■ Source material
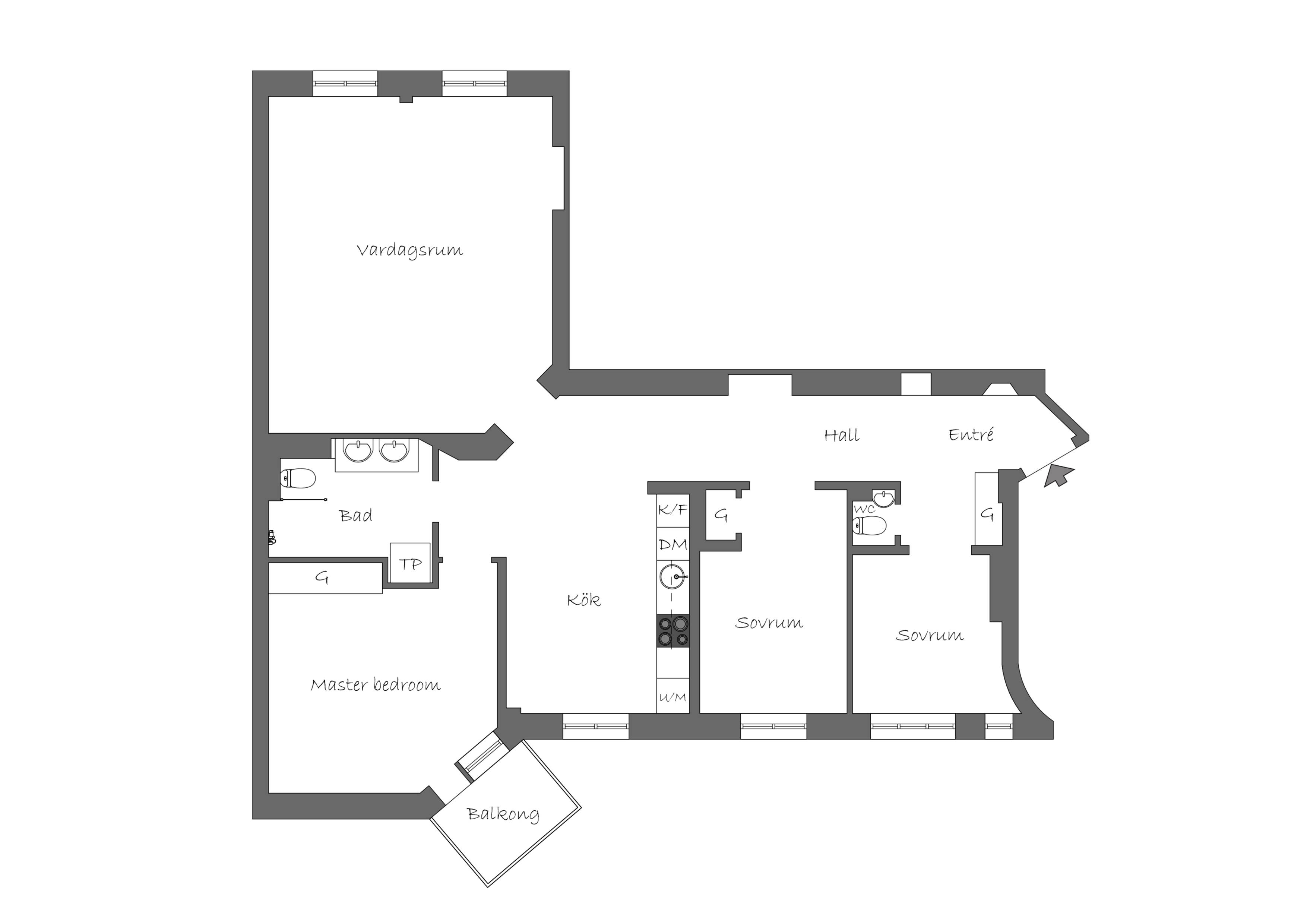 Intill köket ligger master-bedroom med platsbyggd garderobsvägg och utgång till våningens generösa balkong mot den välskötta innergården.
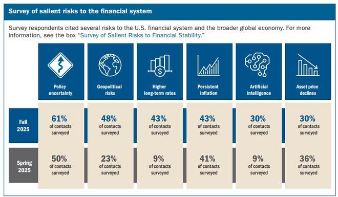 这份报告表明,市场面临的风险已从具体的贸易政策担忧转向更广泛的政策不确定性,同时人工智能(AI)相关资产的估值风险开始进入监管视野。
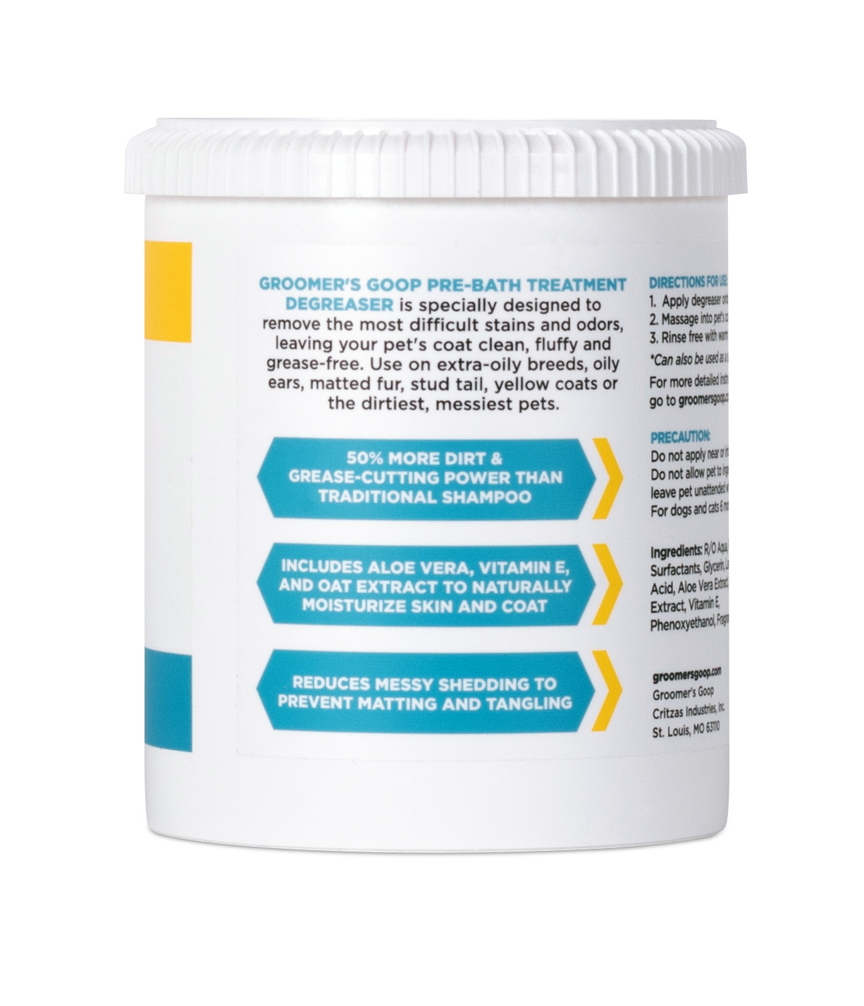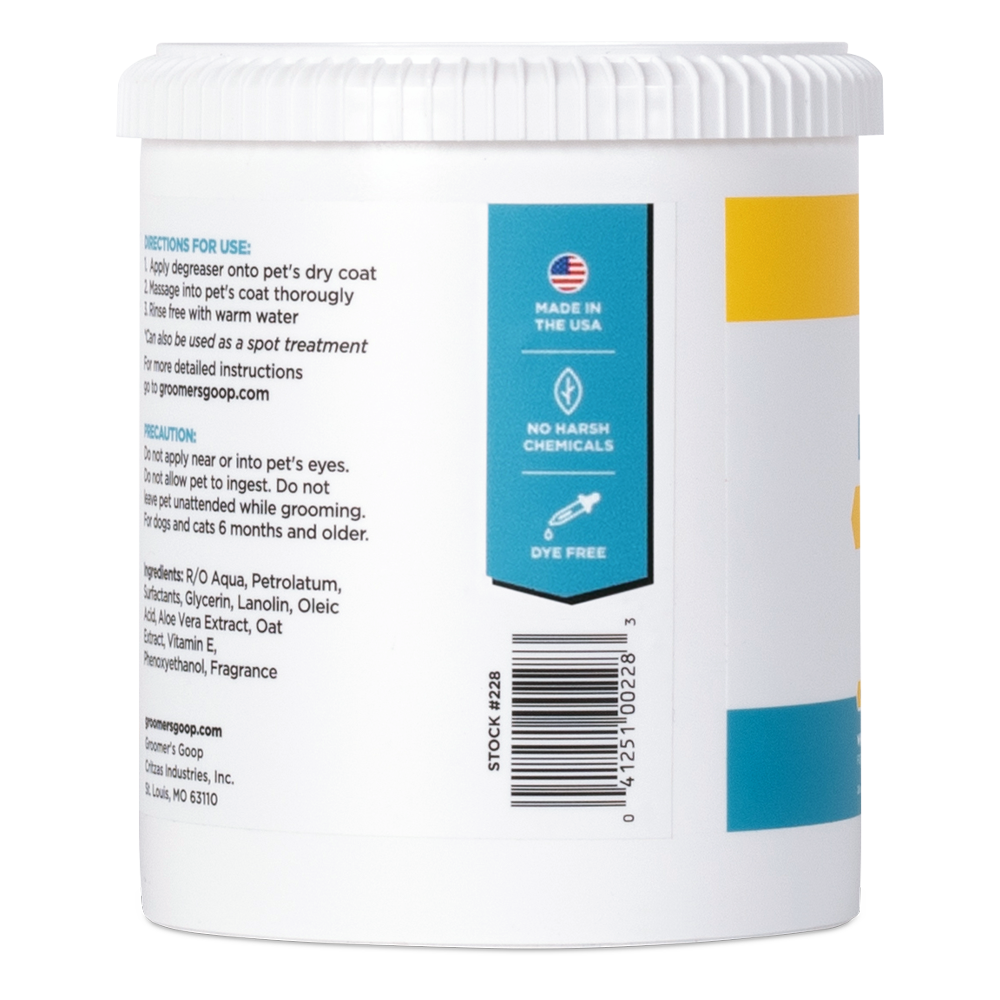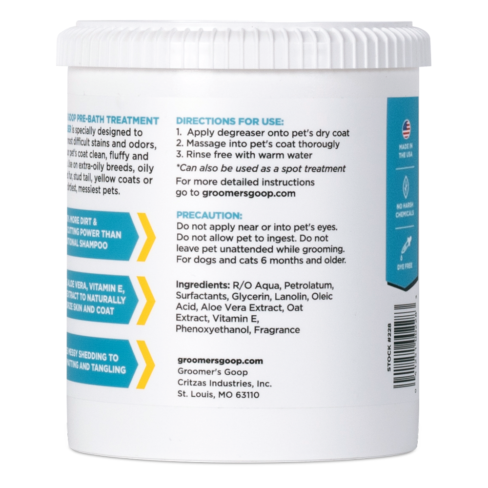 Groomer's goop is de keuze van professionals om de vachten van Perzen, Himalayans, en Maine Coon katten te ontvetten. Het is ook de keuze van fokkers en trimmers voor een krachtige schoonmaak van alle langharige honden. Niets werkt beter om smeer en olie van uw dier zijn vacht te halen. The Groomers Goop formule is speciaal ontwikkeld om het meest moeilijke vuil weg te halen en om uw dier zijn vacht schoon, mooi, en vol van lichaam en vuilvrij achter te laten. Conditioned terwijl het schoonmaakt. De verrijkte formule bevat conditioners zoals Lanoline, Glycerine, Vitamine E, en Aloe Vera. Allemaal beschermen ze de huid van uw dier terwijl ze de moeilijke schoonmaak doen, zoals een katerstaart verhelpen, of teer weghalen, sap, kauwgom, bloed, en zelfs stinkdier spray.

==

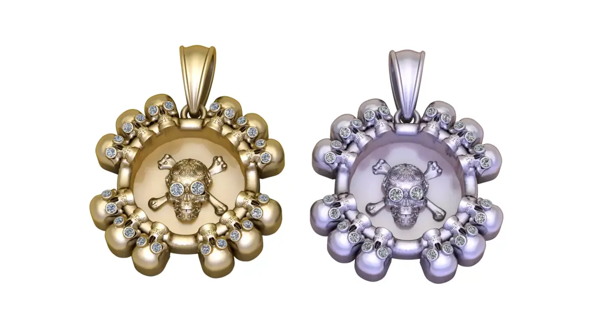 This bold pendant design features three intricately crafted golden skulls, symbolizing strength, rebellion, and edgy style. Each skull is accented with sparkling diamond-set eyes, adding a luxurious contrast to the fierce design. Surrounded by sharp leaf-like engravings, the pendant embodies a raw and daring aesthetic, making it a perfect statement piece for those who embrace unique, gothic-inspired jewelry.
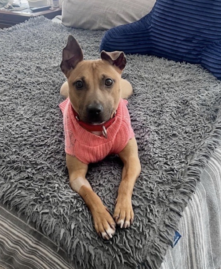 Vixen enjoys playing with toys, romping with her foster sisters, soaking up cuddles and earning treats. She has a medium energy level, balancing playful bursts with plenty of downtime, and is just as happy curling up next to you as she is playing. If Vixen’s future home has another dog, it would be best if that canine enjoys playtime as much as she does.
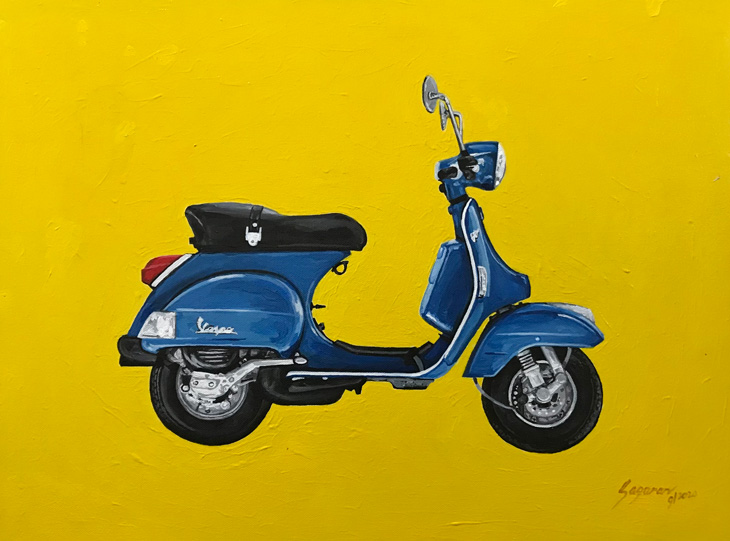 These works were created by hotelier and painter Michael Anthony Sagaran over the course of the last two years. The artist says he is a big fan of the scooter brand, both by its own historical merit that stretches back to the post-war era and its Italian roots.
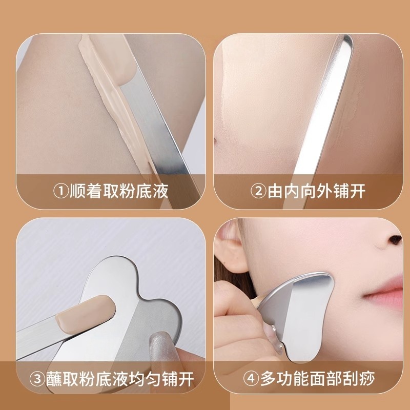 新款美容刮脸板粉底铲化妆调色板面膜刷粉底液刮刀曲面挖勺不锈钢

* * *

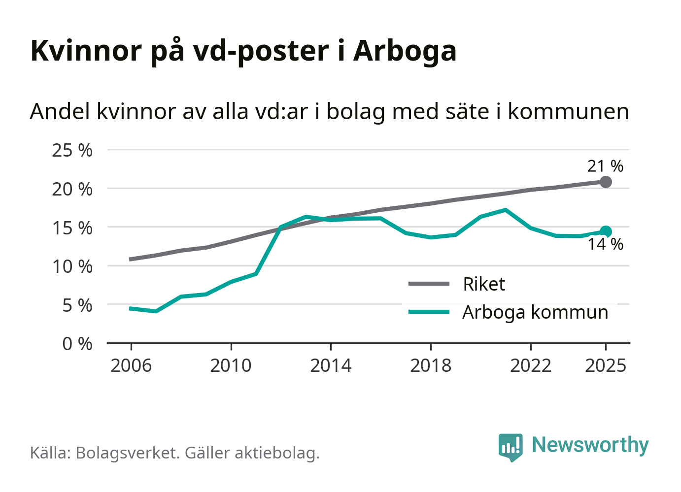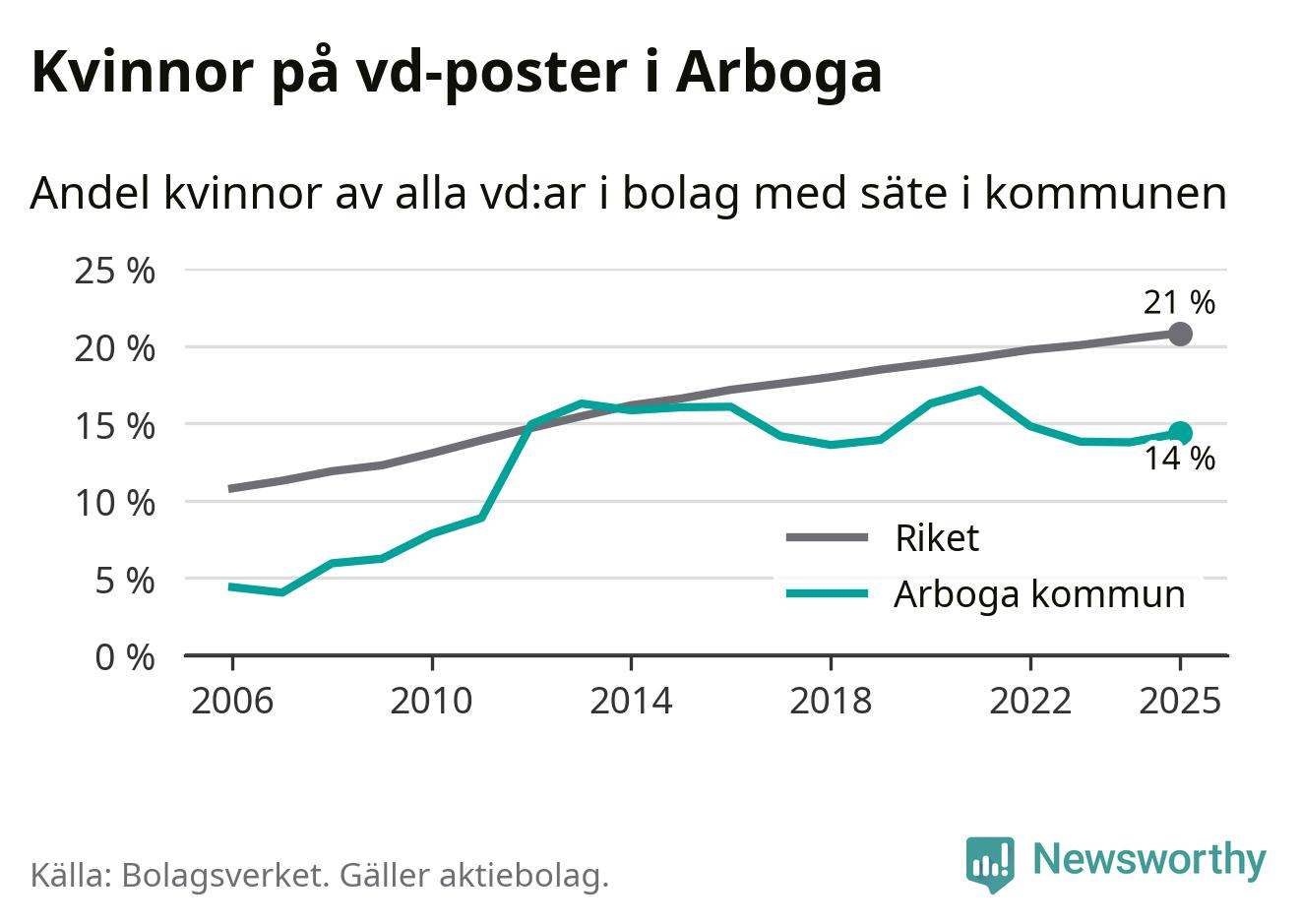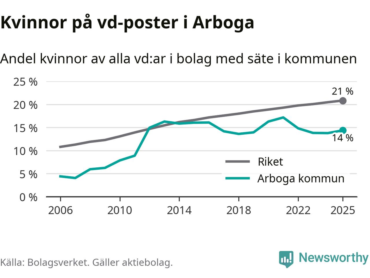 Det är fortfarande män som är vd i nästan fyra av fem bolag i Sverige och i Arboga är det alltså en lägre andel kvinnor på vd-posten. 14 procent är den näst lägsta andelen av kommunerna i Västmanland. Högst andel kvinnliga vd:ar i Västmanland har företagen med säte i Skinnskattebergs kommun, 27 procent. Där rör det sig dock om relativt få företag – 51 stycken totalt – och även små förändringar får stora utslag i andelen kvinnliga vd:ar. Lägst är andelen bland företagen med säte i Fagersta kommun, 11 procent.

■ What you should do
Would you please reproduce the entries above, starting at the line with "These works were" and stopping after the line with "新款美容刮脸板粉底铲化妆调色板面膜刷粉底液刮刀曲面挖勺不锈钢"? Omit any pictures.

■ Output of the exercise
 These works were created by hotelier and painter Michael Anthony Sagaran over the course of the last two years. The artist says he is a big fan of the scooter brand, both by its own historical merit that stretches back to the post-war era and its Italian roots.
 新款美容刮脸板粉底铲化妆调色板面膜刷粉底液刮刀曲面挖勺不锈钢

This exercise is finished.